The Satyam fraud has been unraveling for some time now. First the World Bank denied to do business with the company as Satyam had stolen data and bribed bank officials. Then in December, Satyam’s investors revolted after the company proposed buying two firms with ties to Mr. Raju’s sons. Also several directors quit, and the founders suffered margin calls that forced them to sell stock.
The chairman, B. Ramalinga Raju, resigned on Wednesday (6th of January 2009) after revealing that he had systematically falsified accounts as the company expanded from a small firm to a large MNC.
Mr. Raju said that 50.4 billion rupees of the 53.6 billion rupees in cash and bank loans the company listed as assets for its second quarter were nonexistent. Revenue for the quarter was 20 percent lower than the 27 billion rupees and the company’s operating margin was a fraction of what was declared.
Mr. Raju said he sincerely apologized to shareholders and employees and asked them to stand by the company. “I am now prepared to subject myself to the laws of the land and face consequences thereof”, he said.
In the four-and-a-half page letter distributed by the Bombay stock exchange, Mr. Raju described a small discrepancy that grew beyond his control.
“What started as a marginal gap between actual operating profit and the one reflected in the books of accounts continued to grow over the years. It has attained unmanageable proportions as the size of company operations grew,” he wrote.
News of the scandal quickly sent jitters through the Indian stock market, and the benchmark Sensex index fell more than 5 percent. Shares in Satyam fell more than 70 percent.

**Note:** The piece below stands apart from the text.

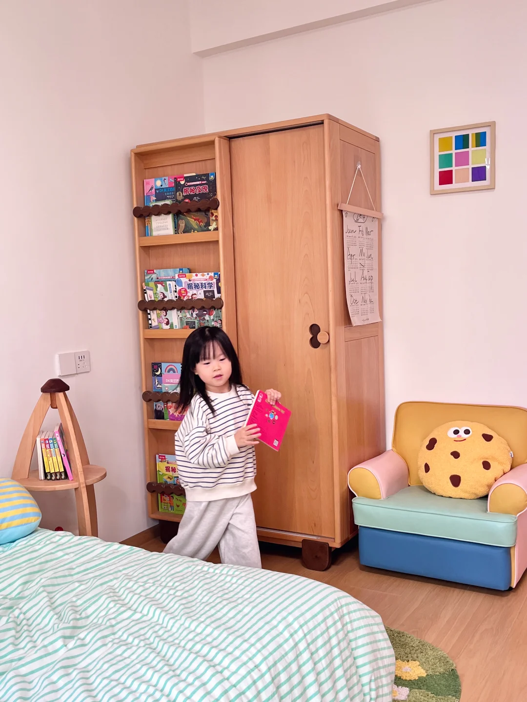 没有打柜子,安排了带绘本架的衣柜,既能收纳孩子衣物,又能当绘本架。

Satyam trading in the New York Stock Exchange has been suspended indefinitely. The India Stock Exchange has also taken Satyam out of its Nifty Fifty stock index.
Satyam serves as the back office for some of the largest banks, manufacturers, health care and media companies in the world. Clients included General Electric, General Motors, Nestlé and the United States government. The revelations could cause a major shake-up in India’s enormous outsourcing industry and may force many large companies to investigate and perhaps revamp their back offices. It also spreads doubts over accounting standards in India as a whole.
The FIFA (Soccer) World Cups in South Africa in 2010 and 2014 in Brazil may need a new “official IT services provider as Satyam might not be able to meet its commitments.
The London-based World Council on Corporate Governance revoked the “Golden Peacock Global Award for Corporate Governance” it awarded the company in September.